Pictures within the data are to be left out; everything else must be reproduced exactly.
:: Dataset excerpt
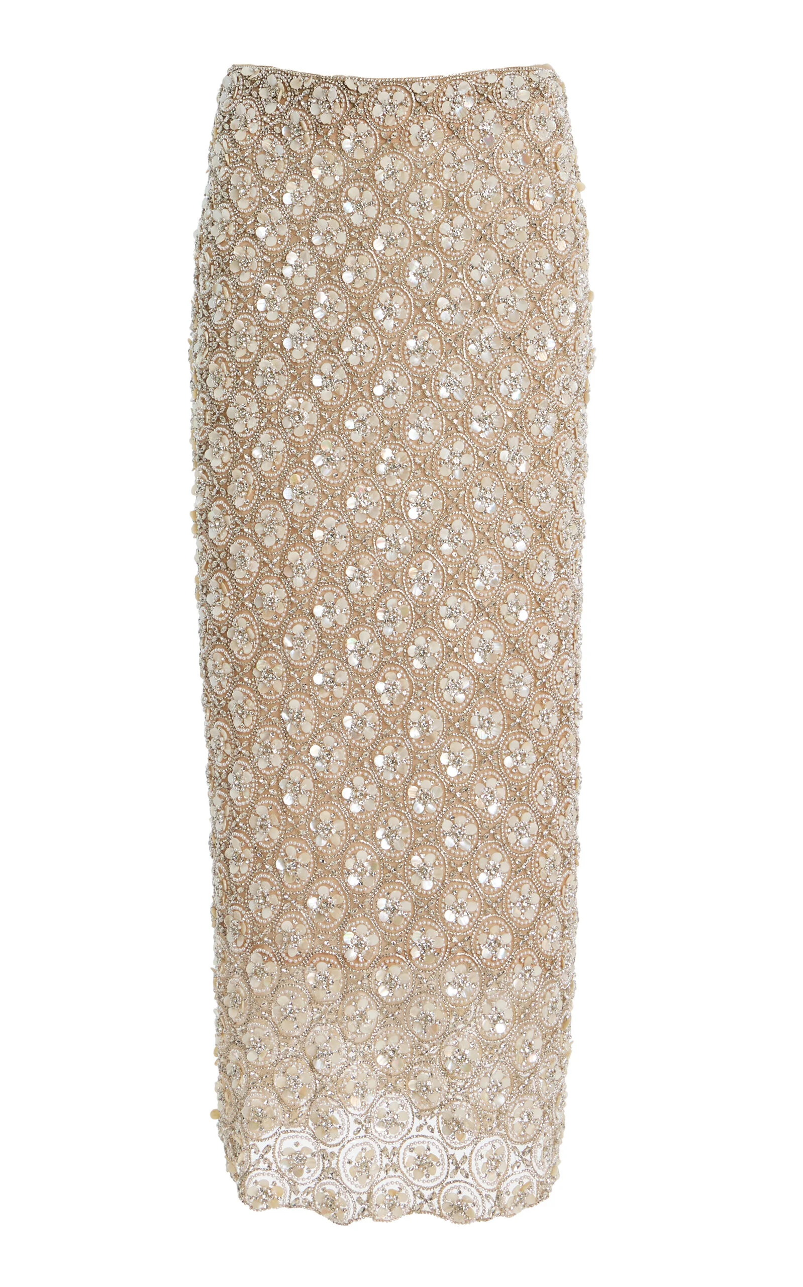 Mother Of Pearl-Embellished Tulle Midi Skirt silver
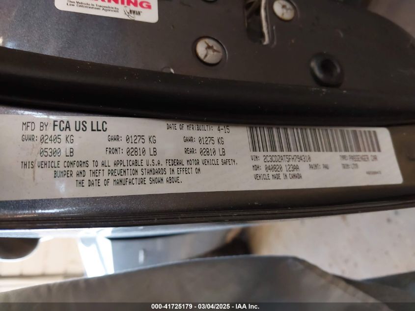 Color GrayCylinders 8Drive Rear wheel driveVIN 2C3CDZAT5FH******State Run & Drive VerifiedDamage Front or back AutoRIA
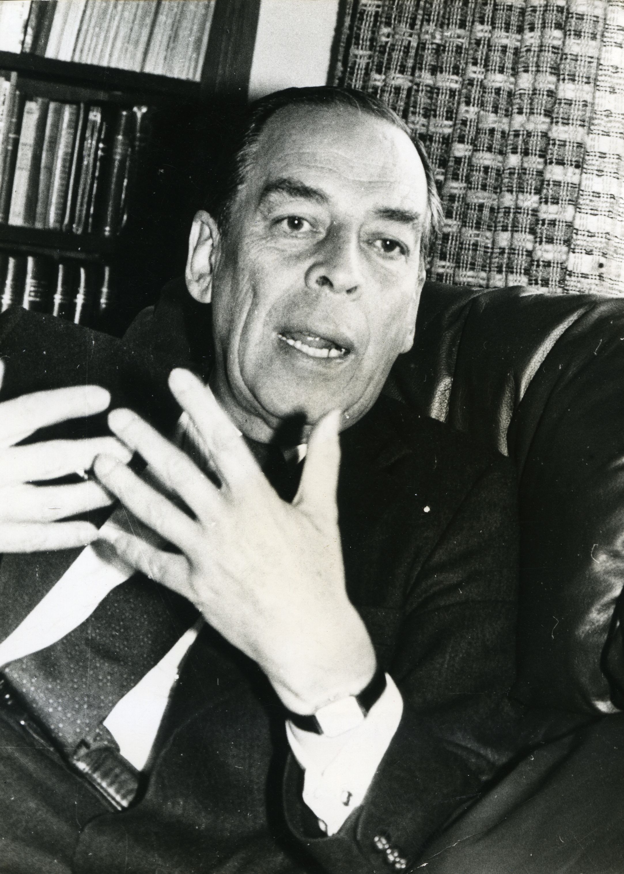 Álvaro Gómez Hurtado, abogado, político, escritor y periodista colombiano. Como político ocupó los cargos de Concejal de la ciudad de Bogotá, Representante a la Cámara, Senador de la República, Ministro Plenipotenciario, delegado en diferentes ocasiones a conferencias internacionales, Embajador ante las Naciones Unidas, Embajador en Suiza, Italia, Estados Unidos y Francia. Fue candidato a la presidencia en los periodos 1974, 1986,1990. En la gráfica entrevista con Álvaro Gómez Hurtado. Se aprecia muy elegante de corbata, camisa y traje
::::
= Answer to this exercise =
 Mother Of Pearl-Embellished Tulle Midi Skirt silver
 Color GrayCylinders 8Drive Rear wheel driveVIN 2C3CDZAT5FH******State Run & Drive VerifiedDamage Front or back AutoRIA
 Álvaro Gómez Hurtado, abogado, político, escritor y periodista colombiano. Como político ocupó los cargos de Concejal de la ciudad de Bogotá, Representante a la Cámara, Senador de la República, Ministro Plenipotenciario, delegado en diferentes ocasiones a conferencias internacionales, Embajador ante las Naciones Unidas, Embajador en Suiza, Italia, Estados Unidos y Francia. Fue candidato a la presidencia en los periodos 1974, 1986,1990. En la gráfica entrevista con Álvaro Gómez Hurtado. Se aprecia muy elegante de corbata, camisa y traje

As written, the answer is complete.